* Exercise materials:
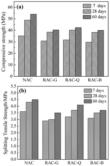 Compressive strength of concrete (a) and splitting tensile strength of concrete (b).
---
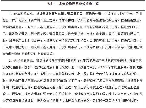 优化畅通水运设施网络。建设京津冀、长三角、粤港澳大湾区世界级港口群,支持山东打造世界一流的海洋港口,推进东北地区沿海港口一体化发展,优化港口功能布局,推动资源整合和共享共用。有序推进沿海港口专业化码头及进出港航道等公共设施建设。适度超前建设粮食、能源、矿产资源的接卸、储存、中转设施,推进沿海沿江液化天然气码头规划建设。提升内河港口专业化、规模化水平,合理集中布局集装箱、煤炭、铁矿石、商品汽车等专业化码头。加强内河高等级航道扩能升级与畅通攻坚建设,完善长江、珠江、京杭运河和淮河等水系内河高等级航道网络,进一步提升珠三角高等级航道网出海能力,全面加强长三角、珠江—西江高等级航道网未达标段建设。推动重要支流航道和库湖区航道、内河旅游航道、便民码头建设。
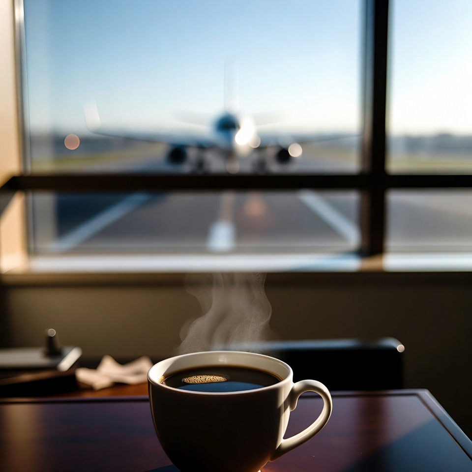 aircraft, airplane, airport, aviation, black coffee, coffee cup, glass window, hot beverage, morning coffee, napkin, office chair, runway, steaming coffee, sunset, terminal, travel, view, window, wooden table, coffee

* What you have to do:
Leave the pictures out, and transcribe exactly the lines above starting at the one that contains "优化畅通水运设施网络。建设京" and ending at the one that contains "aircraft, airplane, airport, aviation, black".

* Written response:
 优化畅通水运设施网络。建设京津冀、长三角、粤港澳大湾区世界级港口群,支持山东打造世界一流的海洋港口,推进东北地区沿海港口一体化发展,优化港口功能布局,推动资源整合和共享共用。有序推进沿海港口专业化码头及进出港航道等公共设施建设。适度超前建设粮食、能源、矿产资源的接卸、储存、中转设施,推进沿海沿江液化天然气码头规划建设。提升内河港口专业化、规模化水平,合理集中布局集装箱、煤炭、铁矿石、商品汽车等专业化码头。加强内河高等级航道扩能升级与畅通攻坚建设,完善长江、珠江、京杭运河和淮河等水系内河高等级航道网络,进一步提升珠三角高等级航道网出海能力,全面加强长三角、珠江—西江高等级航道网未达标段建设。推动重要支流航道和库湖区航道、内河旅游航道、便民码头建设。
 aircraft, airplane, airport, aviation, black coffee, coffee cup, glass window, hot beverage, morning coffee, napkin, office chair, runway, steaming coffee, sunset, terminal, travel, view, window, wooden table, coffee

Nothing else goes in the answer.